Doda to jedna z najbardziej rozpoznawalnych postaci na polskiej scenie muzycznej. Swoją karierę rozzpoczyznała już ponad 20 lat temu, a spory rozgłos przyniósł jej udział w zespole Virgin.
Trudno nie zgodzić się z tym, że Doda zawsze wyróżniała się na tle innych polskich artystek. Jej energetyczne występy, oryginalny wizerunek i charyzma szybko przyciągnęły uwagę fanów.

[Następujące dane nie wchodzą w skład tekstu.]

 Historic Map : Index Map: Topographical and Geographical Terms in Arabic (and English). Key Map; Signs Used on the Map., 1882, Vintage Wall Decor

Przez ostatnie trzy lata Doda nie organizowała trasy koncertowej, więc jej powrót na scenę wzbudził ogromne zainteresowanie. Artystka obiecała fanom wyjątkowe doznania wizualne i muzyczne, a bilety rozeszły się w mgnieniu oka. Wszystko to można było śledzić w reality-show "Doda. Dream Show”, które pokazywało kulisy przygotowań.
Wpadka na koncercie Dody
20 stycznia 2024 roku, na łódzkiej Atlas Arenie, Doda zaprezentowała kolejny koncert z trasy. Choć show było spektakularne, doszło do drobnej wpadki. W pewnym momencie koncertu artystka zauważyła problemy techniczne z odsłuchem. Początkowo próbowała dyskretnie sygnalizować problem, ale w końcu musiała sięgnąć po bardziej bezpośrednie metody.

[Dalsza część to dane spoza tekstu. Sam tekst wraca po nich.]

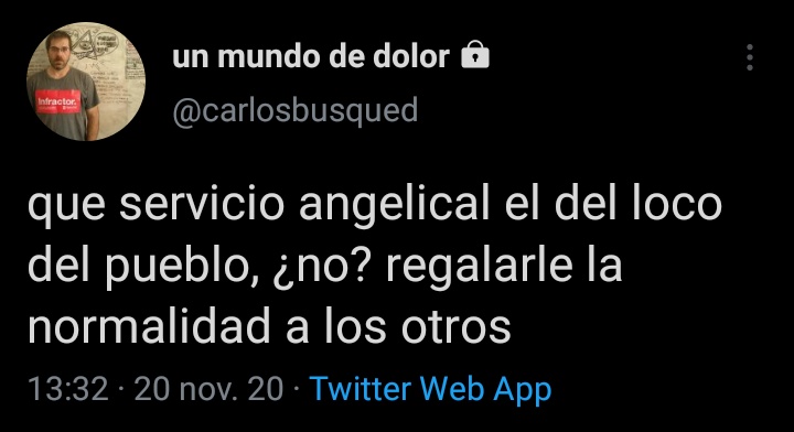 Tres formas tan distintas de vivir, que produjeron bellezas —un legado, se podría decir en términos más formales— con las que al menos yo seguiré dialogando hasta el final, sus fantasmas como amigos imaginarios. Hace poco leía que existen horas de tomas descartadas de Mrs. Doubtfire, en las que Williams improvisa bromas que hubiesen condenado al film a una calificación exclusiva para adultos. Todavía existe música de Bowie que no he descubierto, y en la lista de libros favoritos que difundió hay muchos que aún no leí. Creo haber pispeado que Busqued dejó un texto inédito, y aunque así no fuese sé que resurgirán posteos suyos que perdí en su momento y que me harán sonreír. Ayer, sin ir más lejos, alguien le dio RT a uno que decía lo siguiente: qué servicio angelical el del loco del pueblo, ¿no? regalarle la normalidad a los otros.

Poproszę tu... Może mi ktoś pomóc z odsłuchem? Dziesiąty raz pokazuję. Nie wiem, czy robię to zbyt subtelnie, więc powiem niesubtelnie. No chodź tu! – krzyknęła zirytowana Doda.
Na scenę w odpowiedzi szybko wkroczyło kilku pracowników.
Siedem chłopów nagle się zjawiło – skomentowała sytuację.
Po chwili poprosiła o zmniejszenie głośności w słuchawkach, dodając:
Tak głośno się drę, że aż sama siebie nie słyszę.
Ten incydent pokazał, że nawet w świecie wielkich show i perfekcyjnych przygotowań, zawsze może wydarzyć się coś nieprzewidzianego. Na szczęscie sytuacja została szybko opanowana, a koncert został kontynuowany.
Zobacz także: Doda straciła majątek! - "Ja byłam na górze, na dnie, na fali, pod falą"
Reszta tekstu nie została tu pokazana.